[Opening Given material section]

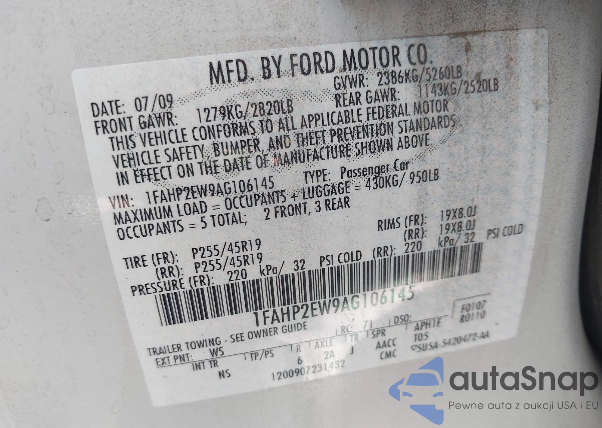 • VIN 1FAHP2EW9AG106145
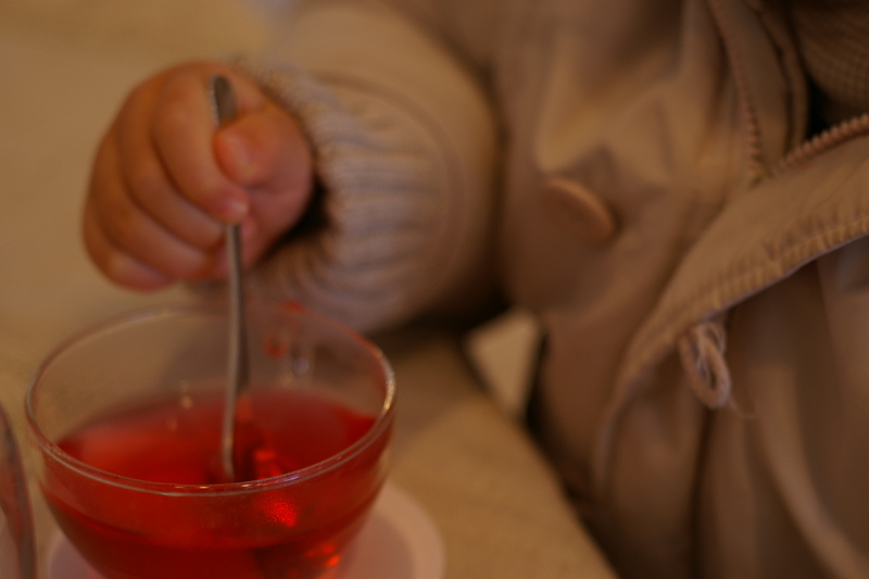 そこで、蜂蜜入りハーブティを試飲しています*
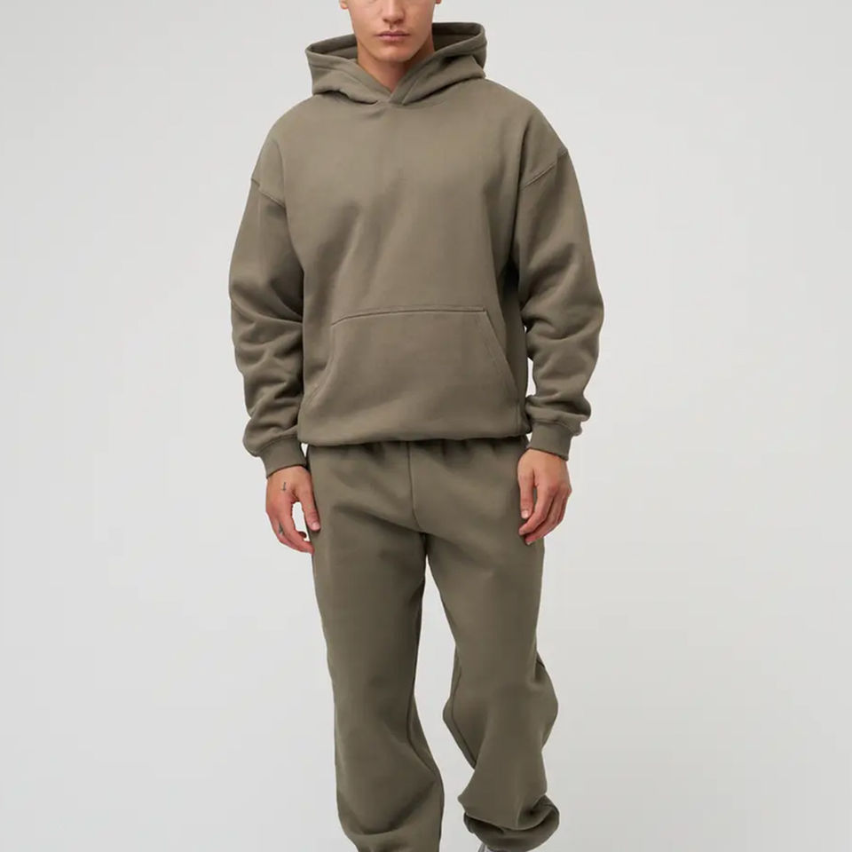 เสื้อฮู้ดดี้โอเวอร์ไซส์ผ้าเฟรนช์เทอร์รี่เนื้อหนัก 450 แกรม แบบเรียบไม่มีลาย สำหรับผู้ชาย มีกระเป๋าแบบจิงโจ้และเชือกผูกปรับได้

[Closing Given material section]

Your response must reproduce the listing above word for word and must contain none of its pictures.

Solution>
 • VIN 1FAHP2EW9AG106145
 そこで、蜂蜜入りハーブティを試飲しています*
 เสื้อฮู้ดดี้โอเวอร์ไซส์ผ้าเฟรนช์เทอร์รี่เนื้อหนัก 450 แกรม แบบเรียบไม่มีลาย สำหรับผู้ชาย มีกระเป๋าแบบจิงโจ้และเชือกผูกปรับได้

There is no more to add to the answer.